AA-AgentPerf and the Infrastructure Bottleneck: What the First Agentic Inference Benchmark Means for Codex CLI at Scale

Every coding agent benchmark to date measures the same thing: can the model produce the right patch? SWE-bench, Terminal-Bench, KiloBench — all ask whether the agent succeeds. None ask whether the infrastructure behind it can serve a hundred agents simultaneously without collapsing time-to-first-token from two seconds to twenty. AA-AgentPerf, launched on 12 June 2026 by Artificial Analysis, is the first benchmark built to answer that question ¹. For teams running Codex CLI at scale — whether through OpenAI’s API, Azure AI Foundry, Amazon Bedrock, or self-hosted inference with Ollama and vLLM — the results reshape how you think about hardware selection, provider choice, and cost.

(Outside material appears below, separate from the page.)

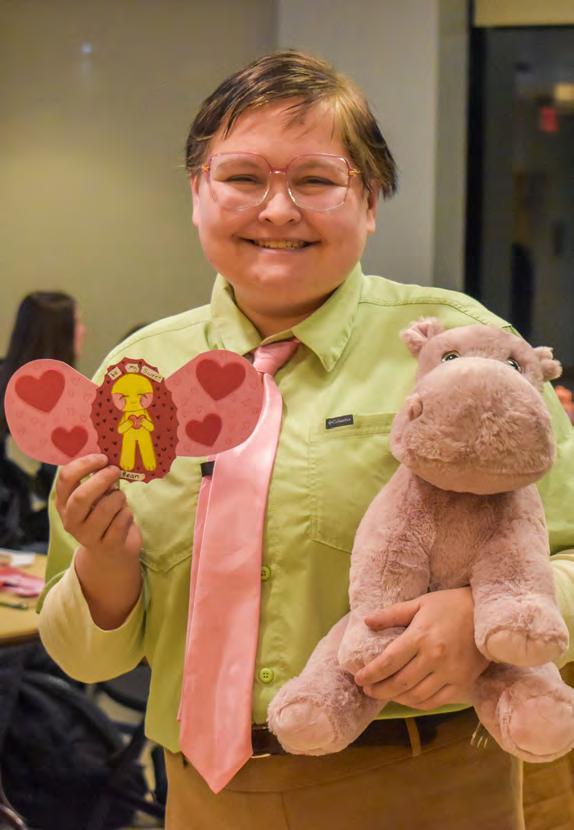 Jayjay Johnson with a stuffed animal and card at Art Club’s Card Making event Feb. 12.

Why Agent Inference Is Different

Traditional LLM benchmarks assume a request-response pattern: one prompt in, one completion out, measure latency, move on. Coding agents do something fundamentally different. A single Codex CLI session in Goal Mode can run for 200 turns ², accumulating context that balloons from a few thousand tokens to over 131,000 tokens as tool results, file contents, and reasoning chains pile up ¹. The output pattern is equally unusual — mostly short tool calls and code edits punctuated by longer reasoning stretches ¹.

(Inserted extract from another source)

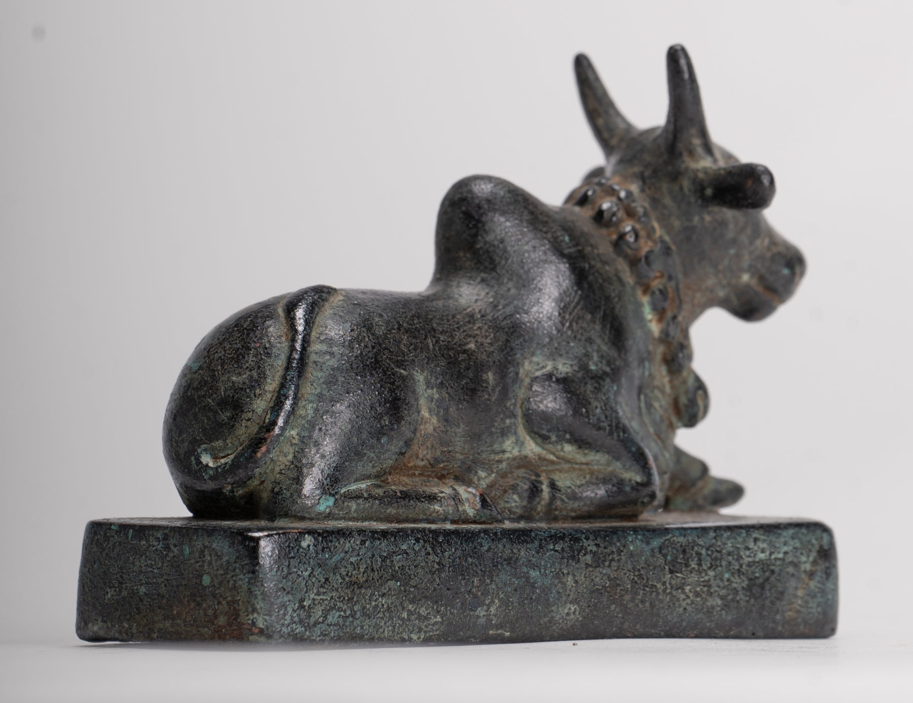 Une sculpture en bronze antique de style khmer de Nandi, la monture traditionnelle du taureau de Shiva.

This creates three infrastructure challenges that standard benchmarks ignore:

KV cache pressure — the same prefix returns turn after turn, and serving stacks that cannot reuse cached key-value pairs recompute attention over the entire context every round
Concurrency scaling — enterprise teams do not run one agent; they run dozens or hundreds simultaneously across CI pipelines, code review automation, and developer workstations
Sustained SLO compliance — an agent that responds in two seconds on turn one but takes fifteen seconds by turn 150 is functionally broken for long-horizon work

graph LR
    A[Turn 1<br/>5K tokens] --> B[Turn 50<br/>27K tokens]
    B --> C[Turn 100<br/>65K tokens]
    C --> D[Turn 200<br/>131K tokens]

    A -->|Fast TTFT| E[2s response]
    D -->|Without KV reuse| F[15s+ response]
    D -->|With KV reuse| G[2-3s response]

    style F fill:#f66,color:#fff
    style G fill:#6c6,color:#fff

What AA-AgentPerf Measures

AA-AgentPerf replays authentic coding agent trajectories captured from open-source repositories across twelve or more programming languages ¹. Rather than synthetic prompts, the benchmark uses real session recordings where agents navigated codebases, called tools, edited files, and iterated — the exact workload profile of a Codex CLI session.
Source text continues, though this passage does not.